Collect machine-readable files described in RDF/XML, RDF Turtle, N-triples and JSON-LD. This is known as a harvest job.
Schedule harvest jobs to be run in a periodic fashion.
Simple faceted search on the collected RDF data using BRegDCAT-AP v2 facets/categories.

Each harvest job basically consists of three phases:

Retrieve the RDF documents from the remote sources.
Validate the shapes in the RDF documents using the ISA2 Interoperability Test Bed SHACL Validator.
Merge the data and update the graph in the triple store.

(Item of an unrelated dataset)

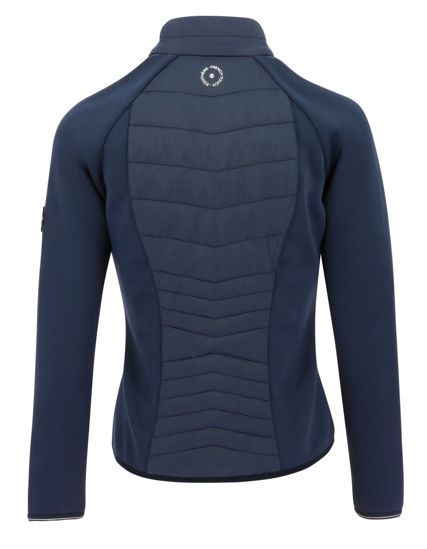 Водоотталкивающая гибридная куртка. Ее можно носить по отдельности или под курткой, и она обеспечит вам весь необходимый комфорт для верховой езды. Подкладка из полиэстерового волокна. Наружные ткани прошли обработку водоотталкивающим средством DWR (прочное водоотталкивающее вещество), контрастные вставки с эластаном. Приталенный крой – карманы на молнии для рук – застежка-молния спереди – эластичные манжеты и концы рукавов. Состав: основной материал: 100% полиамид, контрастный материал: лицевая сторона: 90% полиэстер, 10% эластан, внутренняя сторона: 96% полиэстер, 4% эластан. Можно стирать в стиральной машине при температуре 30°C.

The following diagram presents a high-level view of the architecture and typical usage flow. The user first sets the periodic harvest interval or enqueues a manual job using the Web application; these serialized jobs are kept in an in-memory Redis data store. A Queue Worker observes the Redis store, pulling and executing jobs as they become available (only one job may be executed in parallel). Finally, the results of each job execution are persisted in the Virtuoso triple store.

Deployment

Two distinct Docker Compose files are provided for deployment. The first is a self-contained stack (docker-compose.yml) that requires only for the data sources to be externally defined (see below). The second (docker-compose-lean.yml) assumes that the Virtuoso triple store is available externally, and thus does not define a Virtuoso service in the stack, expecting the configuration to be set explicitly.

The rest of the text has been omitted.